She has had 7 weeks of radiation, (last day was Friday, YAY!!) and only 2 rounds of chemo.

They still want to do the preventative radiation on the brain and 4 more rounds of chemo. But they are supposed to lower the dose a little (due to some scalp burning last round) and hopefully we will be good.

Some of you may remember me, I posted once before about how I wanted mom to 'say no to chemo', (because of alternative treatments). But I wanted to let you all know that she is doing great. Just great! We are all so happy! BTW, how do I find my old post. I don't see it anywhere and it's not that old!!???
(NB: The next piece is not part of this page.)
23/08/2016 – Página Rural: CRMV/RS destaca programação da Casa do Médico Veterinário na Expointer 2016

A little background on mom--

-66yo smoker

-Diagnosed with sclc in August2007 (nasty cough and back and belly pain)

-Biopsies reveal Sclc sept, three inch mass on Left lung wrapped around pulm artery and bronchial tube. No surgery.

-Oct. Start Alternative treatment first (snake venom, believed to reduce cancerous tumors).
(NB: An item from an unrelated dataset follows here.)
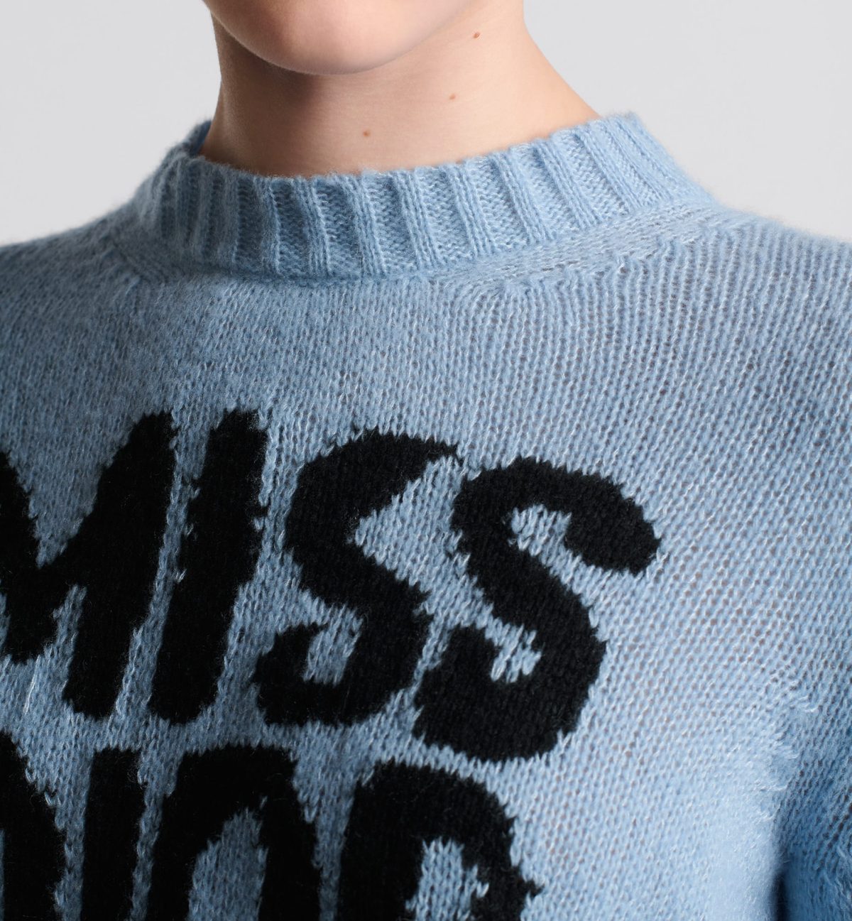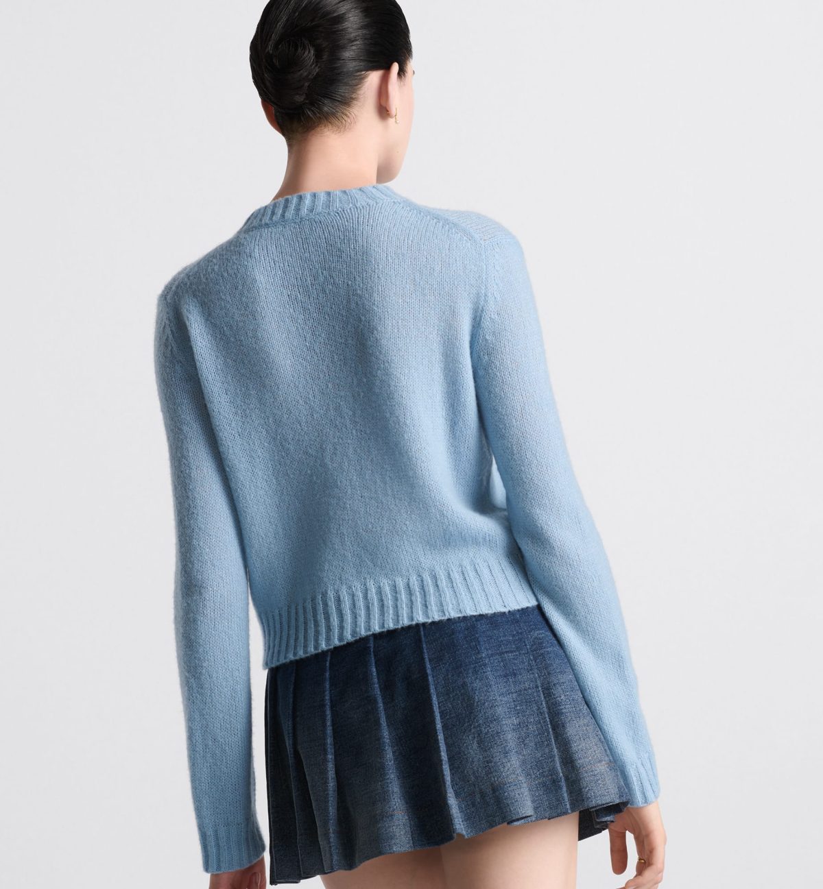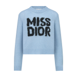 The sweater features the black Miss Dior Graffiti motif, a nod to the 1967 debut ready-to-wear collection and a manifesto to Maria Grazia Chiuri’s signature celebration of feminism. Crafted in a pale blue cashmere and silk knit, it has a ribbed hem and cuffs. The round-neck sweater can be worn with casual outfits in any season and will coordinate well with other Miss Dior Graffiti creations.

-Start Radiation and first chemo

Mom does well, Low wbc and fatigue Hair loss.

-CT scan showed a 50% reduction of tumor size! Amazing!

-Nov round two chemo. mom is sick. Can't move for three days. ANother 4 days to recover. Burnt scalp and throat. Loses some weight. But has a great month in spite of it.

-Nov - CT scan shows tumor is gone. Doctors want to do another in one month.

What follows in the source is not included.